To illustrate, there were about 2.2 million reported episodes of dengue illnesses to WHO in 2010, but estimates of total symptomatic dengue incidence vary widely. Bhatt and others [2] estimated 96.0 million dengue episodes globally. Their study combined a range of evidence of dengue transmission [1] with various sources of occurrence data (outbreak reports, cohort studies, online reporting, etc.), adjusting for the probability of occurrence of dengue based on socioeconomic, urban, and environmental covariates. Much of the dengue reporting occurs in areas of high transmission or during disease outbreaks, creating an upward trend in reports of dengue occurrence. Resulting models may have overstated total DENV infections. Also, the ratio of inapparent to apparent DENV infections varies substantially, depending on the age of patients, herd immunity and the circulating virus strain. The 2004 WHO global burden of disease (GBD) [30], estimated 9 million dengue episodes globally based on country-level datasets and information, and a systematic review of population-based incidence and mortality studies. By adjusting surveillance data with the rate of reporting of symptomatic DENV infections to health authorities, Shepard and others estimated about 30 million annual episodes treated in the medical system globally [31]. Last, Murray and others' GBD 2010 study [8] estimated global incidence of 0.2 million dengue episodes in 2010. Noting that their approach underestimated disease burden for dengue and other neglected tropical diseases; improved updates for 2013 are underway [32].

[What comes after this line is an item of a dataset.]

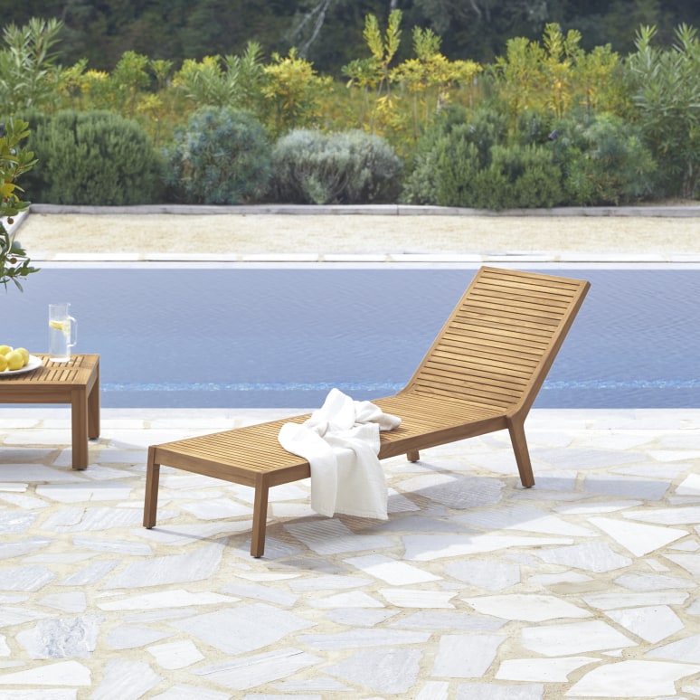 Garden lounger in solid teak

A review of studies on the economic burden of dengue in 2011 highlighted the relatively sparse literature and conflicting results of existing cost studies [33]. A recent report proposed procedures for costing dengue illness [19]. Extensions to that document that may help in refining dengue economic evaluations include estimating unit costs that are sensitive to productivity loss for workers that are not part of the formal economy (e.g., estimating the local marginal productivity of labor based on local wages averaged over the dengue season), examining local health-seeking behavior involving pharmacies or traditional healers, or using macro-costing techniques, which allow one to allocate overall operating costs among the outputs of a health facility [34] when person-level costs are unavailable. Estimates of health system congestion costs are also important; when health facilities are close to their capacity, the costs of an outbreak should also include costs that additional episodes impose on the system as a whole, like degradation of treatment quality of non-dengue patients [17].

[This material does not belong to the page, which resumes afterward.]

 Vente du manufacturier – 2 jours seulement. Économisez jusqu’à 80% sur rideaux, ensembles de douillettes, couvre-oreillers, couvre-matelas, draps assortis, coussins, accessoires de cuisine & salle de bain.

Most important, improving current estimates of total dengue episodes is critical to quantify the disease and economic burden of dengue. Understanding the main sources of variability in the availability, quality, and use of reported data will allow for more comprehensive burden estimates. Consequently, through our literature review we identified the major sources of uncertainty, as a preliminary step in this direction.

Incompletely documented surveillance data

Many countries at risk to dengue transmission have no specific surveillance systems for dengue, in particular in the Western Pacific, South Asia, and Africa [1], [35]–[38]. Dengue competes with other public health and surveillance demands, making additional efforts to report dengue challenging. But dengue is clearly emerging as a major health problem [3], [4]. Without effective reporting systems, the burden of dengue cannot be accurately described geographically and quantitatively.

Surveillance systems in those countries reporting dengue illnesses are passive, dependent on an individual presenting to the healthcare system and the provider reporting the case to public health authorities. Passive surveillance systems are reasonably easy to implement, and make it possible to mobilize measures for epidemic control.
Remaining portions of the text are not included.